Microsatellite sites file can be obtained by scanning the reference genome to look for microsatellite sites of interests. We recommend to use external tools such as msi-sensor [https://github.com/xjtu-omics/msisensor-pro/wiki/Best-Practices] to generate this file.

Normal reference files can be generated by running collect-evidence mode on a panel of normal samples.
This only works with DRAGEN germline mode.

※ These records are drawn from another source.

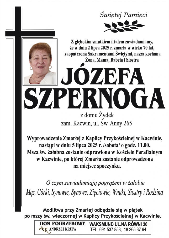 Józefa Szpernoga - Nekrologi - podhale24.pl
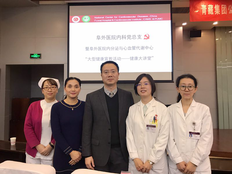宣讲对象是青海集团公司的同志们,由于他们的工作地点主要分布在青海和西藏,其中有相当一部分人患有高血压,高血脂,高血糖,因此,针对这些问题,此次宣教内容主要围绕“胸痛的甄别和处理”“血脂知识科普”“糖尿病防治”等方面展开。
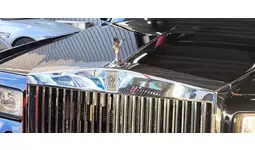 ロールス・ロイスの外装は、クラシカルなエレガンスと現代的なモダンさが見事に調和したデザインが特徴です。志村けんさんの愛車であったロールス・ロイスも、その特徴を余すところなく維持していました。特に、縦長のフロントグリルは、「パルテノン神殿」をイメージした威厳あるデザインで、シンボルである「スピリット・オブ・エクスタシー」のエンブレムと相まって圧倒的な存在感を放っていました。ボディの光沢や塗装の状態も非常に良好で、長年にわたり大切に扱われてきたことが窺えます。
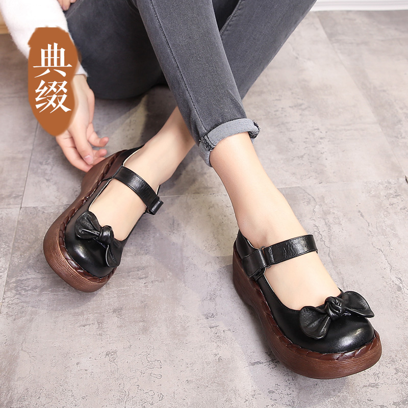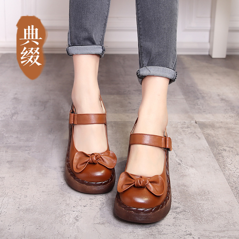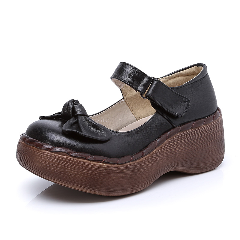 魔术贴高跟坡跟皮鞋 舒适浅口单鞋 牛皮 厚底蝴蝶结女鞋 2025春秋新款

The output containing MSI score PercentageUnstableSites are output to <output prefix>.microsat_output.json.
Metric |
Count |
---|---|
TotalMicrosatelliteSitesAssessed |
20020 |
TotalMicrosatelliteSitesUnstable |
4374 |
PercentageUnstableSites |
21.850000000000001 |
ResultIsValid |
true |
ResultMessage |
|
SumDistance |
1214.174 |
For solid samples, PercentageUnstableSites >= 20 indicates microsatellite instability. For liquid samples, sumJSD SumDistance >= 0.08 indicates microsatellite instability.